Ему было пять лет. Два дня назад у него был день рождения, и Адам считал себя очень взрослым мальчиком, способным принимать разумные решения.

— Боженька, пожалуйста, спаси мамочку. Я хочу, чтобы мамочка изменилась, чтобы она больше не делала мне больно.

Адам, с чувством выполненного долга, но все же с неприятным осадком на душе — ведь он уже давно просил Бога сделать что-нибудь, — встал на ноги.

Может, Боженька спит?

Малыш вздрогнул и сжался от страха, когда услышал, как хлопнула входная дверь.

Мама вернулась.

«Мне уже пять лет, я должен быть смелым!» — укорил сам себя Адам, но все же быстро забрался в постель, и прикинулся спящим, надеясь, что мама не станет заглядывать в его комнату.

Но у мамы, похоже, были свои планы на вечер. Адам хмурясь, разобрал в прихожей несколько разных голосов. Незнакомых голосов. И кто-то все время требовал водки.

Адам накрылся одеялом с головой, и задрожал; его сердце колотилось, едва не выскакивая из груди, дыхание стало горячим. Внезапно кто-то дернул одеяло вверх, и малыш содрогнулся, и первое, что он увидел, это глаза мамочки — водянисто серые, расфокусированные. Она потянула за одеяло, выкрикнув:

— Я хочу, чтобы ты ушел, мне нужна эта комната, — заплетающимся языком закончила она предложение, и тут заметила кое-что под подушкой, и, отпихнув от себя Адама, она сказала: — Что это, проклятый мальчишка?!

Она вытащила маленький серебряный крестик, который малышу дала соседка.

— Почему ты прячешь его здесь, ты хочешь, чтобы Бог тебя наказал?! Он все видит! Он видит, что ты делаешь!

Малыш вспомнил слова соседки, о том, что Боженька живет на небе, и наблюдает за нами. Наверное, там сейчас находится и папа, и он смотрит на них, сверху, и улыбается. То есть, сейчас он, наверное, не улыбается, но, когда мама не кричит и она здорова, наверное, папа улыбается, и его карие, как у Адама глаза, светятся от счастья.

— Я хочу, чтобы ты убрался из комнаты. — Женщина нацепила на мальчика шнурок с крестиком.

— Мама, а где я буду спать? — спросил малыш, все еще ничего не понимая.

— Заткнись! Ты такой же как все они! — проревела женщина, сгребая сына вместе с одеялом, и сбрасывая на пол. Адам укутался в одеяло, и отошел к двери.

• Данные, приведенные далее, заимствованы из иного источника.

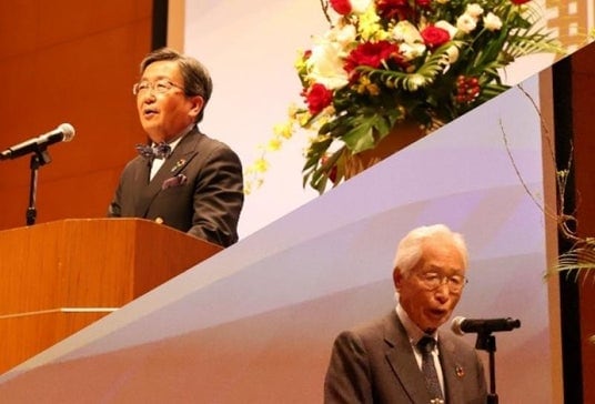 (左上) 那須学長による開会あいさつ。 (右下)岡山大学Alumni(全学同窓会)小長会長による祝辞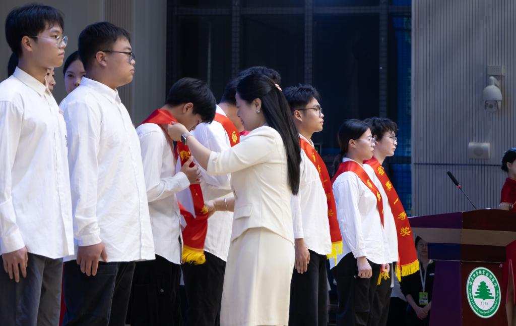 院党委委员、纪委书记詹其仙,院党委委员、组织部(统战部)部长李霞,院党委委员、宣传部部长、马克思主义学院院长邹小燕分别为获得2025年福建省技能大赛一等奖同学绶带。

Наверное, у мамочки один из тех плохих дней, когда она делает плохие вещи. Но потом мамочка приносит Адаму конфетки, и Адам прощает мамочку — он же ее так любит!

— Убирайся! — Мама подтолкнула Адама к выходу в коридор, и малыш налетел на кого-то, и испуганно обернулся. В свете тусклой лампы он не увидел кто это, но это был мужчина, и он заслонял собой свет.

— Адель, что ты делаешь с этим ребенком? Кто он такой?

— Никто, — отмахнулась женщина, расправляя простынь на кровати Адама. Она даже не обернулась, взглянуть на сына.

— Что он здесь делает? — требовательно продолжал спрашивать тот же человек, и Адаму показалось, что ему не терпится избавиться от сына Адель. Малыш весь сжался от страха, предчувствуя беду.

— Ничего! — раздраженно рявкнула женщина. — Сейчас я его уберу, он не доставит нам проблем!

— Ох, какой маленький, миленький мальчик. — Адама неожиданно подхватили на руки, вместе с одеялом, и стали качать, и лишь спустя несколько секунд, он понял, что его качает взрослая женщина, с покрасневшими глазами, и короткострижеными волосами.

— Эй, отдай его сюда, — сказала Адель, выхватывая Адама из рук своей знакомой. Она его не удержала, и он шлепнулся на пол. Адам не хотел плакать, но из его глаз брызнули слезы, от обиды и боли.

Кто эти люди? Что они делают?

Они все плохие, и мама с ними!

— Мама! — захныкал Адам.

— Не беспокойтесь, я сейчас же избавлюсь от него! — Адель обратилась к дружелюбной женщине, и суровому мужчине, и дернула мальчика на себя, а затем, потащила его вон из дома.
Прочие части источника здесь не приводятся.